Way, way up at the northern edge of the Galilee, I stood there looking at Lebanon. Hostile now, with the historic Lebanese at the mercy of the deeply entrenched Hezbollah hordes. Sad that, looking at a once peaceful, prosperous country overrun with terrorists, who boast, get this, that they have “100,000 rockets.” The boast of modern barbaric.
Yes, it was sunny and beautiful, and the war toys of those primitives remained in their storehouses. Good. I was in Metullah to see rare fritillary butterflies. Saw none in Metullah, and left there to visit Iron Falls, a park just outside the town.
Drove the few minutes to Iron Falls. Parked and worked the trails and agricultural field edges. I can’t say that I saw much to get excited about.

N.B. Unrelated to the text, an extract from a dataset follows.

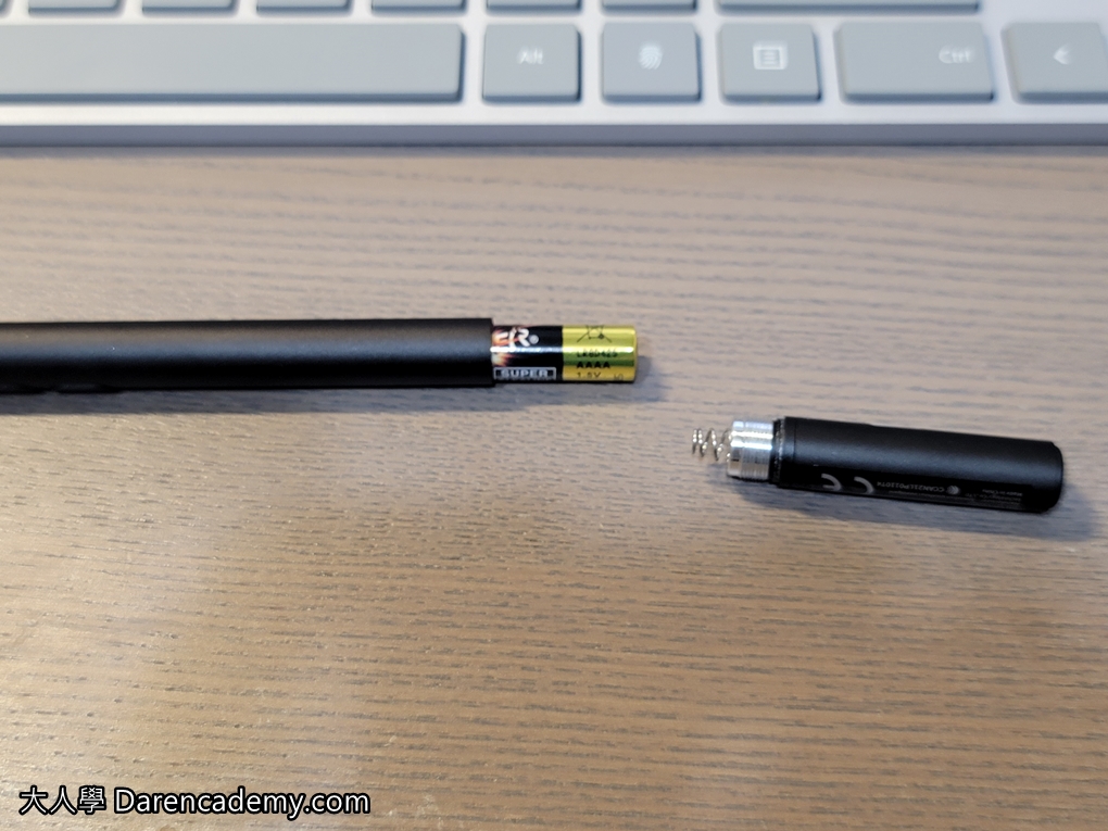看到這邊,你可能詬病筆「要放電池」這一點!但以我用過許多手寫筆設備的經驗來說,我個人其實是喜歡電池的。因為充電式的容易沒電,有時候一段時間沒用、可能無意間放在旁邊太久,要用的時候發現沒電。你還得等著它慢慢充電。電池雖然也會沒電,但其實一顆電池可以撐很久,若久久換一次反而沒這麼困擾。

The falls were spectacular, and it is amazing to see real water falls in the arid Middle East. Mt. Hermon did still have some snow cover, and the Galilee and Golan were awash in the product of the slow melt on Hermon.
4% discouraged, I headed to my Hertz rental car in the parking lot. Stopping at park benches that surround the lot, I took out one of my beloved Coca Loca bars, and 2 bites in, What!! I watched a sizable butterfly fly toward the picnic tables and descend down to the ground near me. Battlestations! A fritillary. Which one? One of the rare, protected species of frits? Would this day’s jaunt be a home run and a major success?
I slowly left my bench, protected my Coca Loca’s last couple of bites, and robotically approached the fritillary. It stayed at its spot. I carefully went knee down. The butterfly tolerated that. I shot Fuji ASA 50 slide film exposure after exposure. Some 13 or so exposures later, my heroic fritillary butterfly took off, as a rocket, and was gone.
Is this one of the protected, rare fritillaries found only in the northern Galilee and Golan? I am working to determine that!